Why stop there? Couldn’t most NGOs publish quantified feedback from the people they aim to help? Wouldn’t it transform reporting if they did? Who is better placed to know how well NGOs have actually helped them?

8 Responses

  1. Thanks for this post Alex – and congratulations to the NGOs who have published their survey reports. This kind of independent performance assessment is an important component in the process of optimising the bottom line performance of NGOs.

  2. Thanks Alex. Yes, seems very good in terms of benchmarking and accountiablity.

    The transparent approach of those three NGOs publishing their reports is also very welcome. As you say, it should generate or extend credibility, especially with donors, whether institutional or individal.

  3. Just to add that Practical Action has also put its Keystone Accountability reort up on its website. A copy can be found under ‘whats new’ and also a link through to the report from the blogs section (see CEO blog).
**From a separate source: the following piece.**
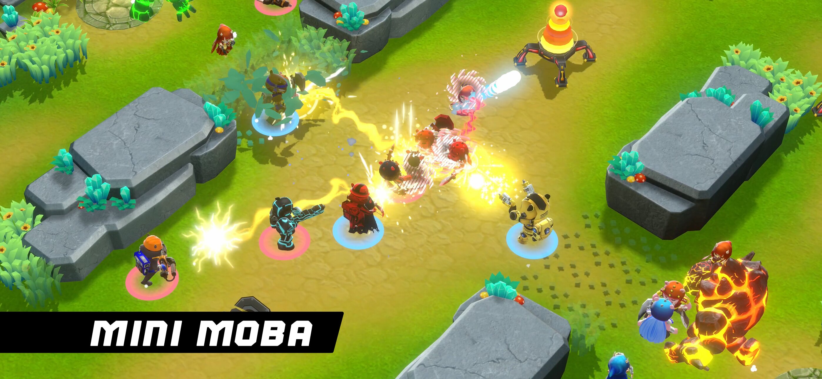 - Несколько оригинальных режимов игры: Mini MOBA, Battle Royale, Brick Battle и Team Deathmatch.

  4. Congratulations, Simon. It’s terrific that Practical Action has taken this step and published your confidential partner feedback report.

    Just 21 other NGOs to follow suit now!

  5. […] Keystone Partner Survey used a carefully designed questionnaire to define the ways that Northern NGOs expect to add value […]

  6. Check out this advocacy from an African NGO, the African Centre for Humanitarian Action: http://www.africahumanitarian.org/PublicAdvocacy.aspx

    While Northern NGOs advocate for changes in how international organisations & governments do business, they advocate for changes in how Northern NGOs do business. It’s exactly in line with the findings of the Keystone Partner Survey.

    Here’s what they say:

    “We bring an all important African voice to the otherwise northern dominated international humanitarian field. Confident that Africans have what it takes to deal with the challenges facing the continent, we advocate for:

    • Increased support and empowerment of indigenous organizations;
    • Flexible, timely, predictable, and needs based funding;
    • Genuine partnerships based on equality, transparency, complementarity, and shared-responsibility;
    • The acknowledgement and integration of African CSO’s agenda and strategy;
    • International recognition of African CSO’s value, contribution, and expertise;
    • Continued improvement in humanitarian delivery through enhanced accountability, sustainability, and use of the participatory approach; and
    • Increased capacity development for African CSOs and vulnerable populations.”

  7. Quick update. Three more NGOs have published their confidential reports: Save the Children UK, Save the Children US and Church World Service. See:

    http://www.savethechildren.org/site/c.8rKLIXMGIpI4E/b.6146405/k.C7E9/About_Us.htm
    http://www.savethechildren.org.uk/en/2108.htm
    http://www.churchworldservice.org/site/PageServer?pagename=action_who_accountability

    Congratulations to them! It’s terrific to see this level of transparency and accountability in action. These NGOs join AbleChildAfrica, Peace Direct, Practical Action, Progressio at the forefront of this field.

    At a meeting in London last week, NGOs shared lessons from the survey. They had found it a very useful and stimulating process, helping them support partners better.

  8. Self Help Africa has joined the roll of honour, publishing their confidential report on line:

    http://www.selfhelpafrica.org/selfhelp/Main/reports.htm

    They’ve included a short note from managers titled “Reflection, context and commitment to improve”. It gives a frank comment on the survey’s findings and makes a commitment to repeat the survey in two years time. Congratulations, Self Help Africa!